What is expected: Set the whole listing down again, word for word, with no pictures.

Records to process:
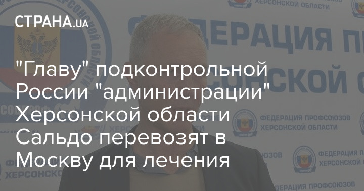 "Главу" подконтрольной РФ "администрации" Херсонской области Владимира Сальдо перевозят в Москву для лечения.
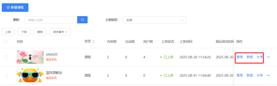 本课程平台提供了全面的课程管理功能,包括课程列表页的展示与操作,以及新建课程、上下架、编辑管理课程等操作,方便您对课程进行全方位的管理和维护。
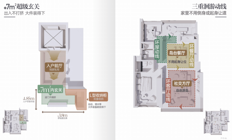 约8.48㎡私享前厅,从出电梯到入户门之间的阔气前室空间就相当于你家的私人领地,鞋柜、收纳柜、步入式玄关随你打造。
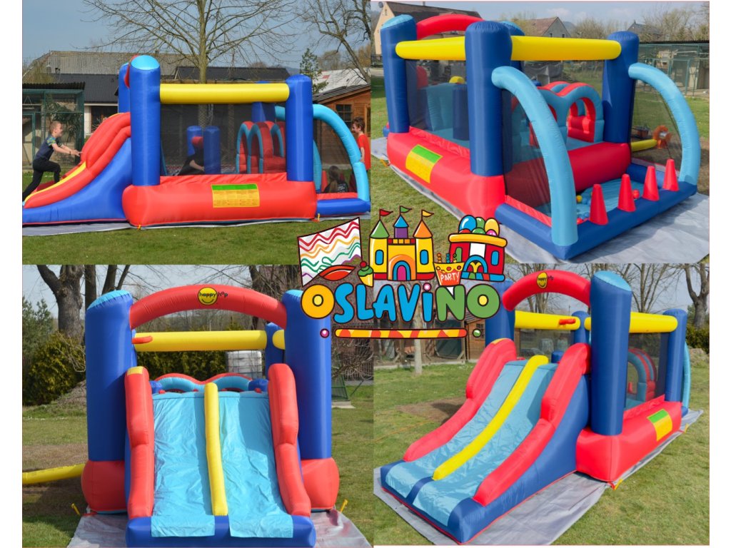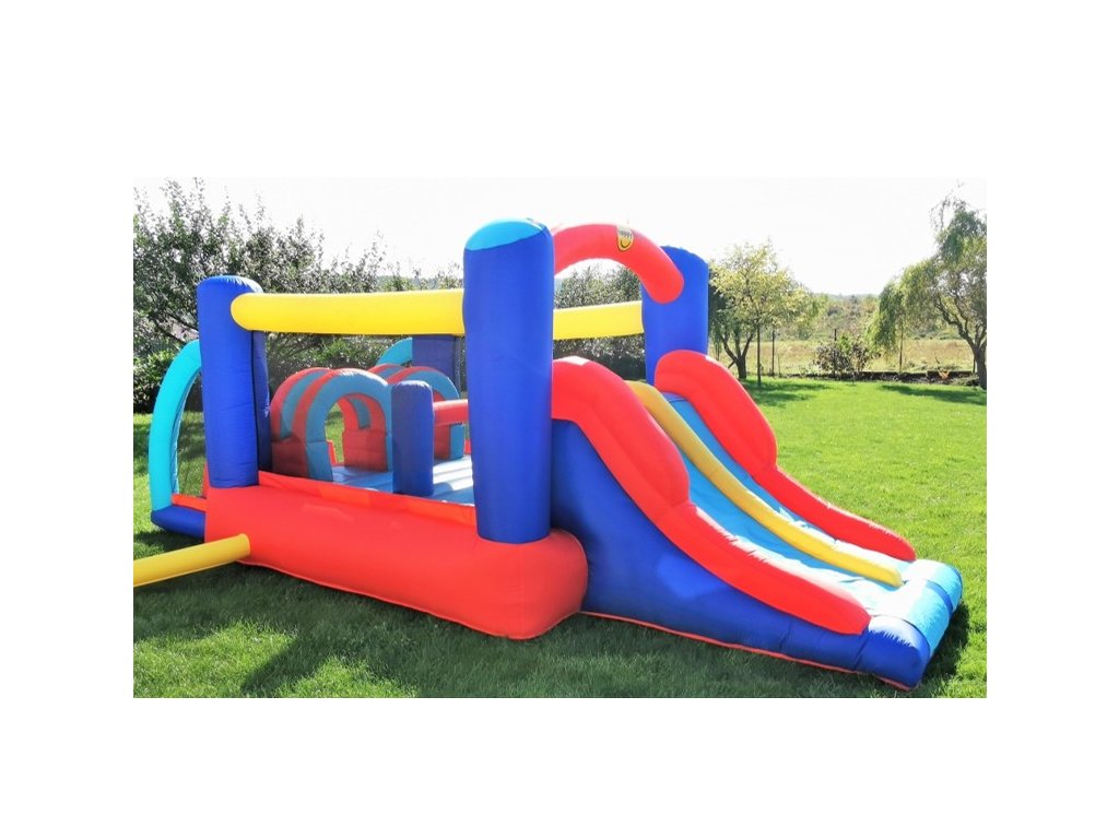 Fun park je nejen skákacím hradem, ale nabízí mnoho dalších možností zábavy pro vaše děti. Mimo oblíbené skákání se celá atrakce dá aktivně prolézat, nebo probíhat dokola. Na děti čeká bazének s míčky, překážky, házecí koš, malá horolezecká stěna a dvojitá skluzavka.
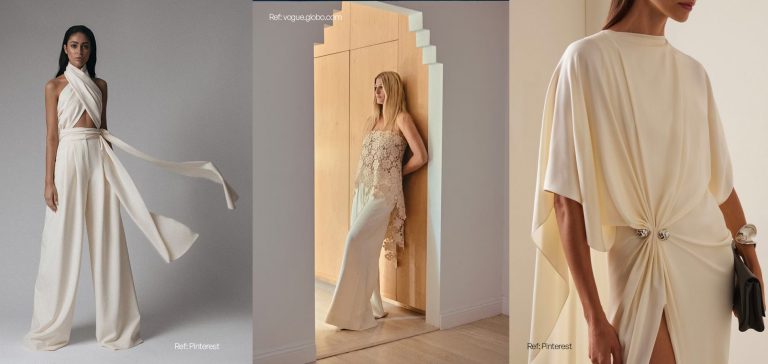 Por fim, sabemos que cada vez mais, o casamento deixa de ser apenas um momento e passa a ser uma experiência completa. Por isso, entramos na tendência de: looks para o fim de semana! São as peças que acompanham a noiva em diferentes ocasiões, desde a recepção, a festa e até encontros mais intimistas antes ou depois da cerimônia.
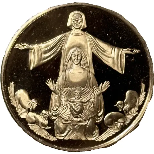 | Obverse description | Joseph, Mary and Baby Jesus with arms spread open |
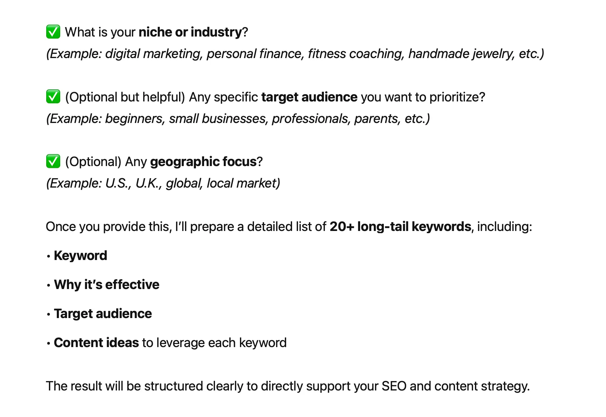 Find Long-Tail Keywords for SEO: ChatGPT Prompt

Written solution:
 "Главу" подконтрольной РФ "администрации" Херсонской области Владимира Сальдо перевозят в Москву для лечения.
 本课程平台提供了全面的课程管理功能,包括课程列表页的展示与操作,以及新建课程、上下架、编辑管理课程等操作,方便您对课程进行全方位的管理和维护。
 约8.48㎡私享前厅,从出电梯到入户门之间的阔气前室空间就相当于你家的私人领地,鞋柜、收纳柜、步入式玄关随你打造。
 Fun park je nejen skákacím hradem, ale nabízí mnoho dalších možností zábavy pro vaše děti. Mimo oblíbené skákání se celá atrakce dá aktivně prolézat, nebo probíhat dokola. Na děti čeká bazének s míčky, překážky, házecí koš, malá horolezecká stěna a dvojitá skluzavka.
 Por fim, sabemos que cada vez mais, o casamento deixa de ser apenas um momento e passa a ser uma experiência completa. Por isso, entramos na tendência de: looks para o fim de semana! São as peças que acompanham a noiva em diferentes ocasiões, desde a recepção, a festa e até encontros mais intimistas antes ou depois da cerimônia.
 | Obverse description | Joseph, Mary and Baby Jesus with arms spread open |
 Find Long-Tail Keywords for SEO: ChatGPT Prompt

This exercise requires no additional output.